Hal ini tentunya menjadi celah bagi para Sindikat Mafia Money Loundry dan Ijon/Rente yang kini beraksi dalam Tata Kelola Penempatan PMI ke Negara tujuan Taiwan, Korea dan Jepang dengan sengaja memberikan ruang kepada sindikat Money Loundry dan ijon/rente berkedok Koperasi Simpan Pinjam sebagai Avalis penyaluran KUR/KTA PMI, dengan Modus Pura-pura bayar lunas padahal uangnya dari pihak ketiga, yang menikmati suku bunga subsidi bukan PMI, melainkan para sindikat mafia ijon/rente yang saat ini berpesta pora dalam dunia penempatan pekerja migran Indonesia melalui Praktik Penjeratan Utang yang berakibat pada pemotongan gaji PMI di luar negeri.

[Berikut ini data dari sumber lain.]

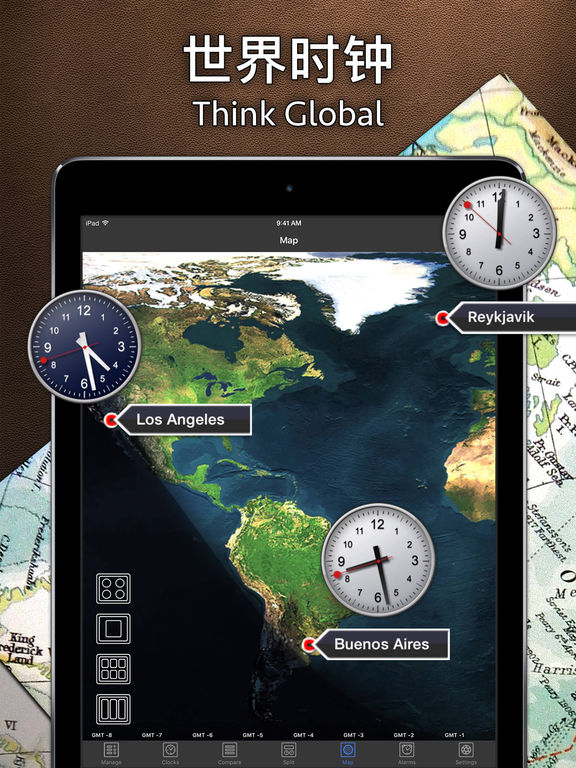 世界时钟意味着商机。它使您可以轻松规划您的职业和私人全球活动! 以苹果为特色:本周iPad应用程序。***最佳世界时钟!*** 必备程序,易于使用,功能全面 世界时钟使您可以选择显示无限数量的世界城市。您可以为选择的时区设定多个铃声。您能够查看广泛选择的世界城市,并且规划您的全球业务或私人关系,不会遇到任何问题。 • 比较视图 这种视图使比较和规划活动真正变得轻松。随时随地,放眼全球! • 世界地图视图 可滚动的世界地图,显示您的城市、时钟和时区。为地图上覆盖的图层提供实时的日光阴影,这将显示一年的季节变化。您能够在具有额外信息的不同世界地图设计之间进行选择。您也可以在世界地图上添加国家和时区。 • 闹钟 为今天、明天或将来的任何其它给定日期规划铃声。您可以为添加的时区设定铃声。我们已经置入了几种铃声。铃声次数会显示在比较视图上,这样您可以轻松形成对所有铃声的概览。当您关闭应用程序或运行其它应用程序时,铃声也将关闭。 • 分离视图 在iPad版本上,您会得到一个分离视图。这个屏幕为您提供您已添加的时区的概览及这些时区在世界地图上的位置。将世界时钟与地球的详细视图相结合。可以使用这种简明的概览追踪其它城市。 • 大钟墙 iPad版本还含有一个屏幕,使用大钟向您展示您的时区,以便您从距离iPad屏幕更远的位置形成对所有时间的完整概览。 可以根据您的需求定制。 我们理解您需要一个可以显示全球信息概览的世界时钟。世界时钟与iPhone和iPad兼容,具有您的职业和私人规划所需的全部特色功能!请观看并使用符合私人和业务意图的世界时钟吧。 • 额外特色功能 - 自动集成的日夜时钟外观 - 在AM/PM和24小时显示之间切换 - 您可以在八种多样化的靓丽主题背景中更改应用程序的设计。 专业而简单的软件 规划您的全球活动永远不会如此轻松!这是一款认真的软件,可以帮助您规划并管理您的会议、家庭及假期。简单、专业的应用程序,适合日常使用。

Semua PMI yang ditempatkan ke Taiwan, Korea Selatan dan Jepang pada umumnya menjadi korban praktik Penjeratan Utang, untuk menelusurinya sangat mudah dengan membuka SISKOPPMI milik BP2MI dan Sisko Siap Kerja milik Kemnaker RI dengan negara tujuan Taiwan, Korea Selatan dan Jepang yang telah ditempatkan, kemudian hubungi Contact mereka dan majikan secara acak untuk mendapatkan testimoni dari mereka PMI yang telah menjadi korban praktik penjeratan Utang berkedok Koperasi Simpan Pinjam dan KUR/KTA PMI.